Here is my suggested action list, in priority order, for immediate action:
- Take your website offline, either by switching off your web server or, if you are using Azure App Service, you have some nifty options at your disposal to restrict access to your site to trusted hosts only.
- Restore your website from the last, good backup.
- Update the WP GDPR Compliance plugin to the latest version.
- As a precaution, change the credentials for all of the following on the website:
- User Accounts
- Web Server FTP
- Any linked/related service to your site that stores privileged information, such as a password, authorisation key etc.
- Review the following points and put in the appropriate controls, where necessary, to mitigate the risk of a future attack:
- Patching Cycle for WordPress, Plugins & Themes: You should ideally be carrying out regular patching of all of these components, at least once per month. There are also plugins available that can email you when a new update is available which, in this particular scenario, would have helped to more speedily identify the faulty plugin.
- Document your Plugins/Themes: You should have a full list of all plugins deployed on your WordPress website(s) stored somewhere, which then forms the basis of regular reviews. Any plugin that has a published vulnerability that has not been addressed by the developer should be removed from your website immediately.
- Restrict access to the WordPress Admin Centre: .htaccess rules for Apache or web.config changes for IIS can restrict specific URLs on a site to an approved list of hosts. This way, you can ensure that even if an exploit like the one described in this post takes place, the attacker will be restricted when trying to login into your WordPress backend.

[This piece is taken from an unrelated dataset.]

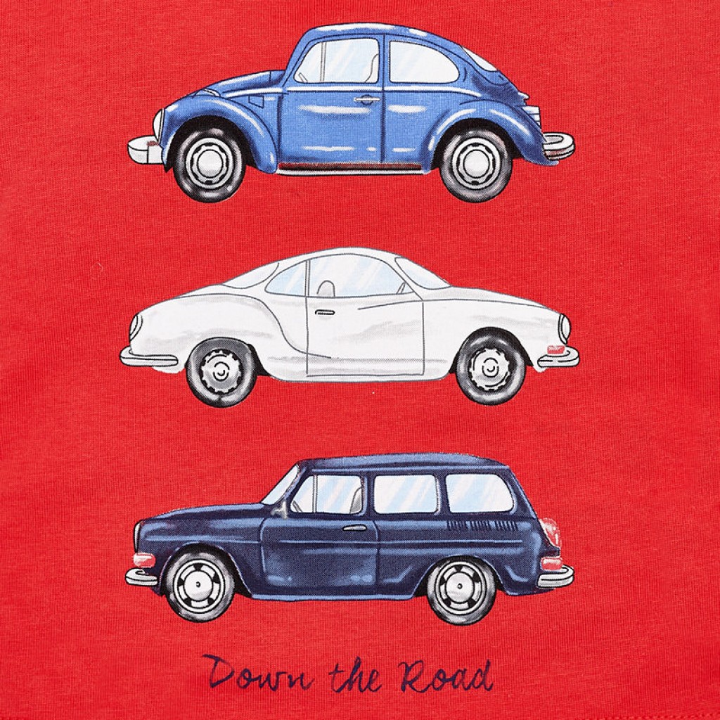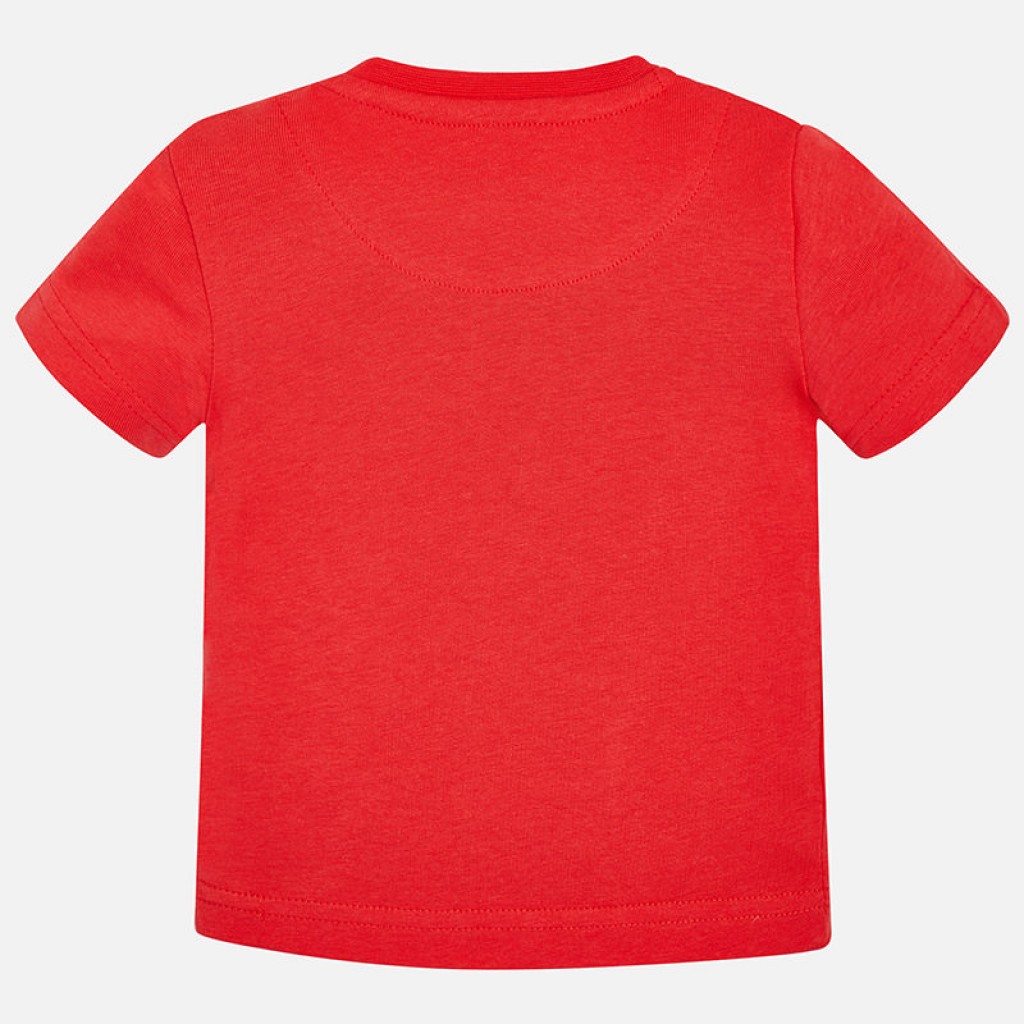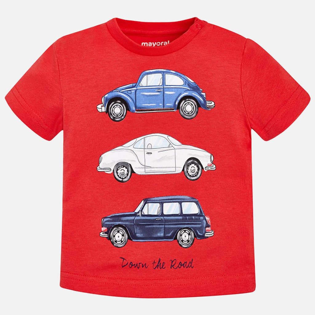Short sleeve summer boy shirt, soft and fresh fabric in plain knit. Simple piece of easy combination, highlights a fine neck of ribbed fabric and great comfort. It has a nice and original silkscreen design on the front of the shirt.

- Review Backup Schedule: Typically, I’ve found that incidents like this can immediately demonstrate flaws in any backup procedure that is in place for a website - either in not being regular enough or, in the worst case, not taking place at all. You should ideally be performing daily backups of your WordPress website(s). Again, Azure makes this particularly easy to implement, but you can also take advantage of services such as VaultPress, which take all the hassle out of this for a small monthly price.

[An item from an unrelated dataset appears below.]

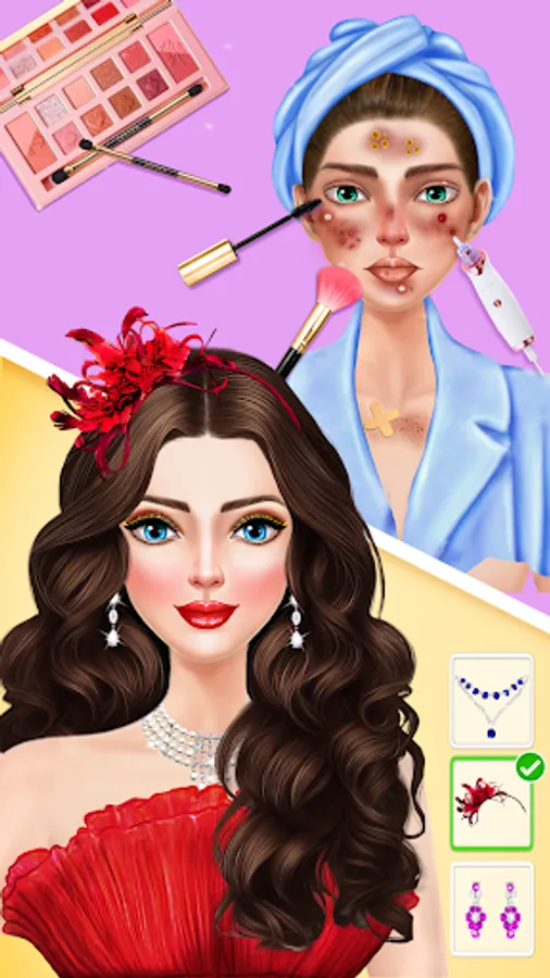 In prom night fashion week play this fashion show game and upgrade your makeover salon in this covet fashion dress up games for girls. Build your makeover studio after playing makeup games for girls. As you complete all the levels of this make up game you'll become the famous fashion dress up game player. In makeup salon fashion girls spend their time by playing this DIY makeup simulator game and satisfying herself with ASMR sound and ASMR gameplay of this makeup and makeover ASMR games for girls.

Conclusions or Wot I Think
Attacks of the nature described in this post are an unfortunate byproduct of the internet age and, regrettably, some of the evidence relating to this particular attack does, unfortunately, show that individuals and small businesses are the unfortunate casualties in today’s virtual conflicts on the world stage. Constant vigilance is the only best defence that you can have, more so given the speedy exploitation of this particular flaw. And, there has to be a frank admission that attacks like this are not 100% preventable; all necessary attention, therefore, should be drawn towards risk reduction, with the ultimate aim being to put in place as many steps possible to avoid an obvious target from being painted on your back. I hope that this post has been useful in making you are aware of this issue (if you weren’t already) and in offering some practical tips on how to resolve.